As he speaks his voice grows weaker until it is barely audible when he stops.
"You're dying." It is as if my words are necessary to make what I see real.
"I will die soon, but the resistance must not. That is why you are here."
Yet, Marcus is the resistance. Without him the moons of Saturn, the last vestige of humanity, will fall into my mistress' dominion.
"Will it matter?" I wonder whose question that is.
"Probably not. We cannot fight against it. I watched Europa crumble, and nothing I could do stopped Callisto from following. I know it is only a matter of time before it takes Titan. You look surprised, but you know as well as me that this is true. How do we fight an enemy that we only know through the information that it allows us to have? We do not understand it because it is not human."

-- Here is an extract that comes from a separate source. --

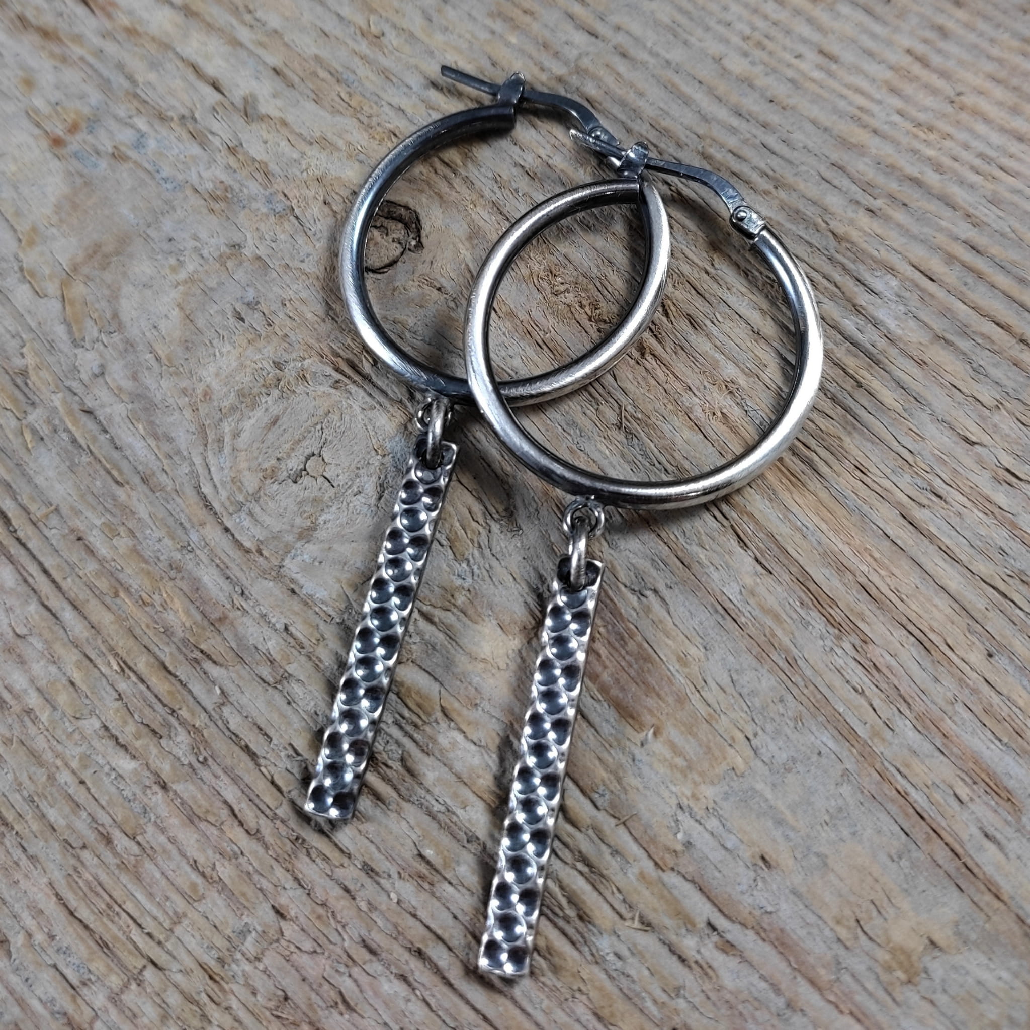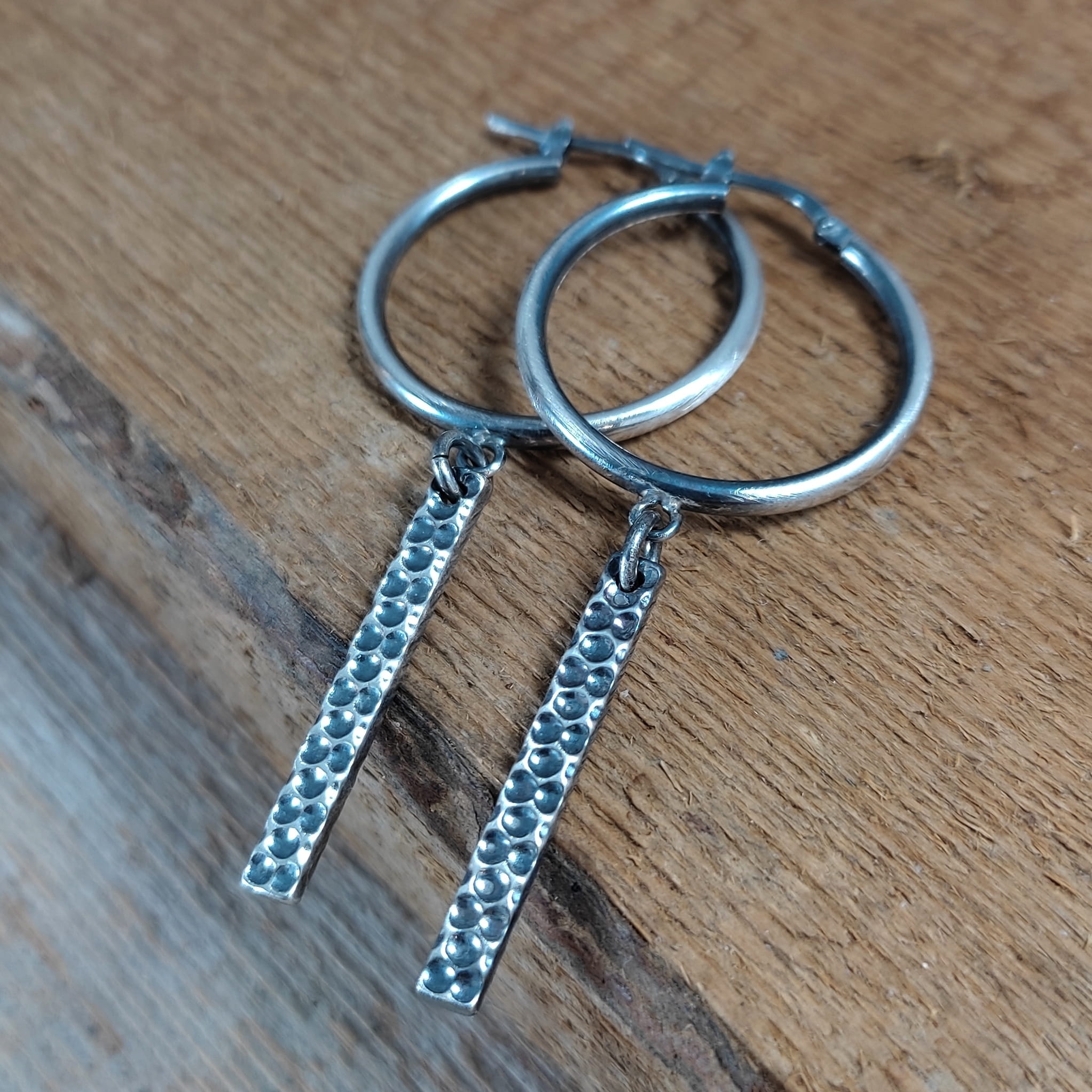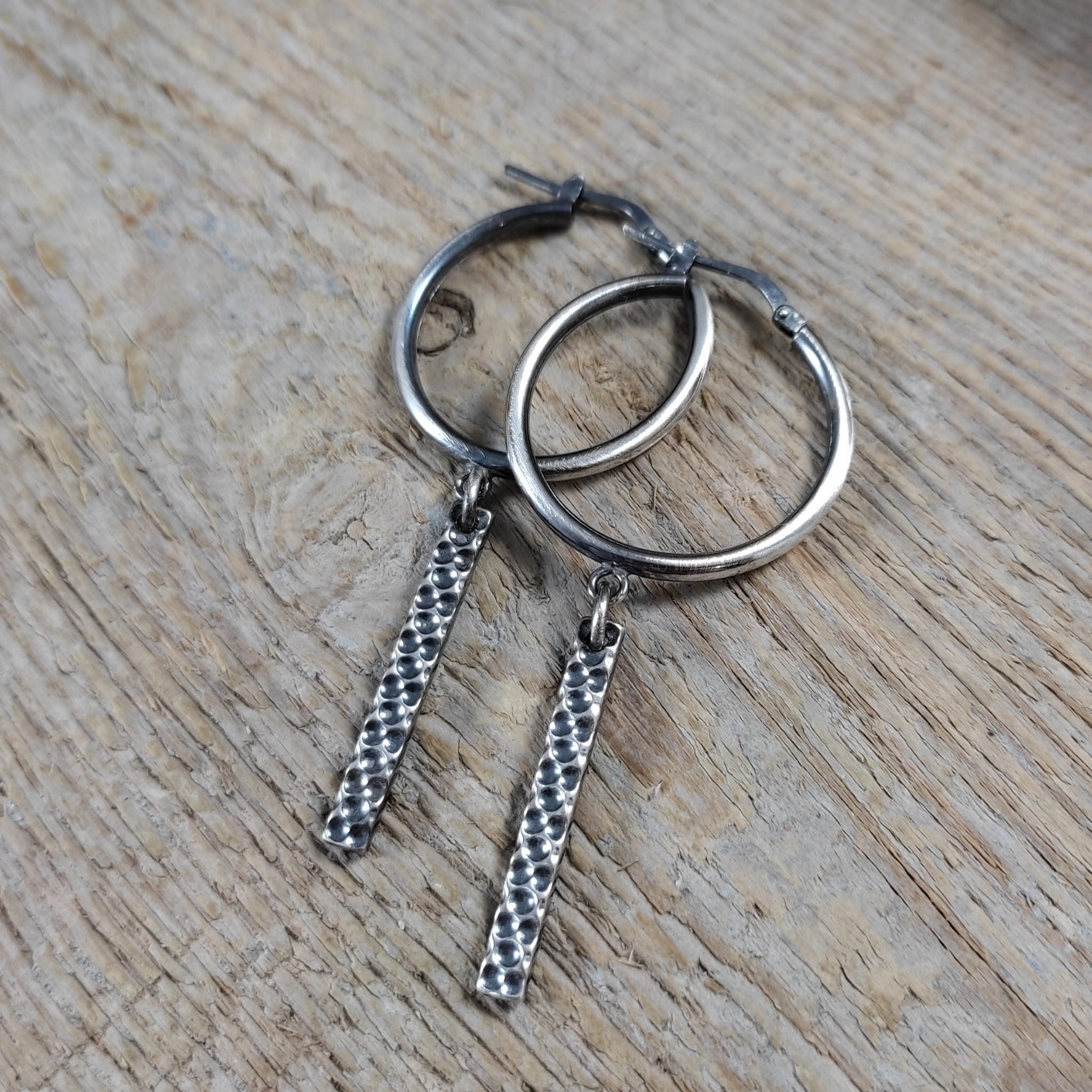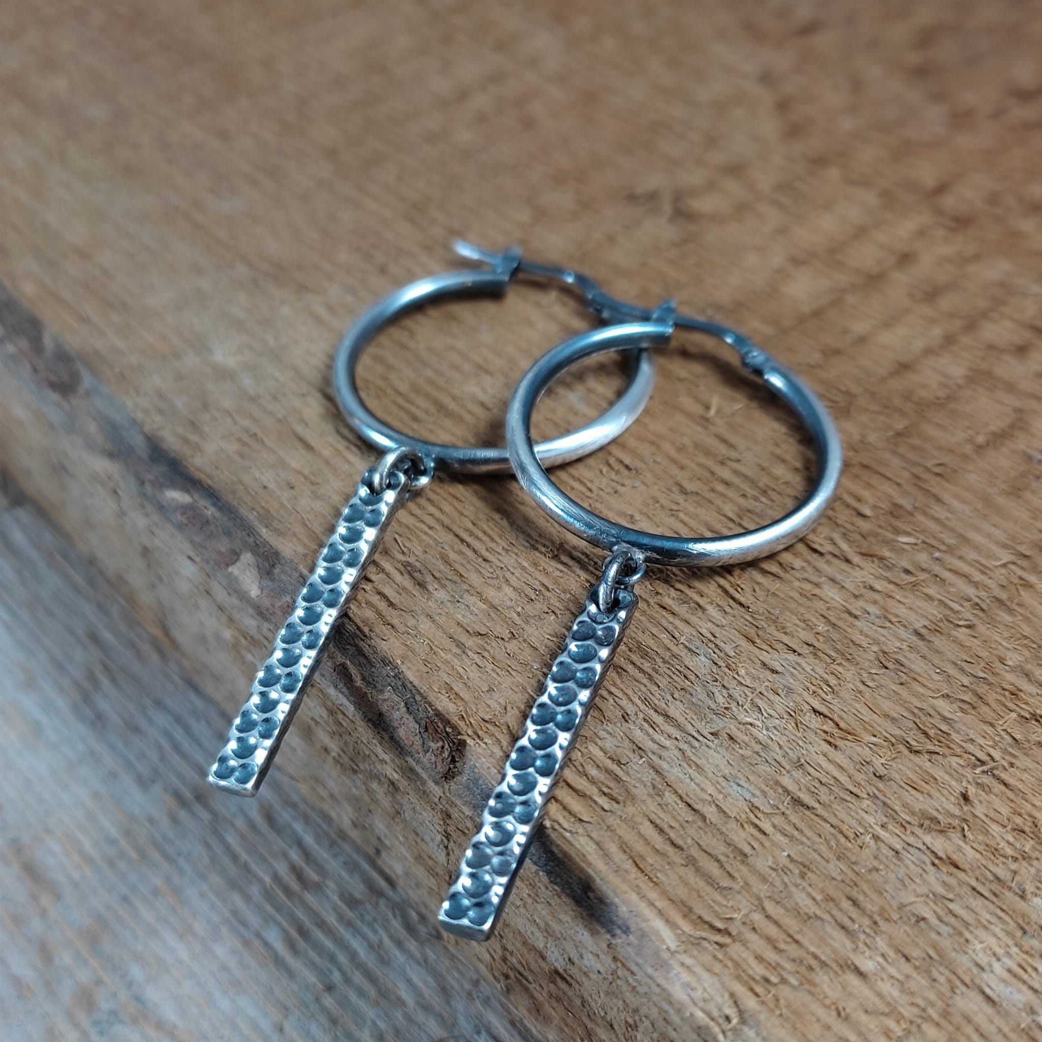 Kolczyki wykonane ze srebra 925, oksydowanego i wypolerowanego. Całkowita długość kolczyków wynosi ok. 5,7 cm. Elegancko zapakowane.

"And what is human?" I am startled at the sound of my voice.
"Surely, you can remember."
I draw back suddenly and hit the wall behind me.
Marcus' eyes lock with mine, and in them I see what it is to be human again, to be free to love something with a power that transcends flesh, and that can sustain even in death and beyond.
Marcus pushes his stylus pad across the space between us. It spins slowly as it traces a gentle arc into my hands. The pad is filled with video feeds, recently recorded personal interviews I have never seen before, documents he has written, contact names. Everything I would need to be Timothy Marcus.
"Who do you think leaked the information to your mistress to bring you here? A gamble, yes, but what do we have to lose? I am dead, one way or the other. Susee was against this idea, but she will help you disable your neural cache and free you from it."
Susee floats, wedged in the narrow hatchway. She does not look at me, and that sadness I saw earlier is still there. I wonder whom she mourns. I know it is not me, but I wish it was.
"It is useless to resist," I whisper.
"Climbing from the primordial seas was useless. Riding into the vacuum of space was useless. We do what is useless because we are human."
Because we are human....
I study the way Marcus sits, his shoulders back. Even hunched and twisted, they suggest strength and conviction. His rheumy eyes are steady and his gaze penetrating. He absently rubs at his left index finger, and my hand begins to do the same.
It will be easy to be Timothy Marcus, but if humanity is to survive, I know I need to be more than what I currently am. I want to be more. I can be more.
The End
This story was first published on Friday, September 28th, 2012


Author Comments

I've long been interested in what it means to be who we are. This story is an attempt to continue that exploration.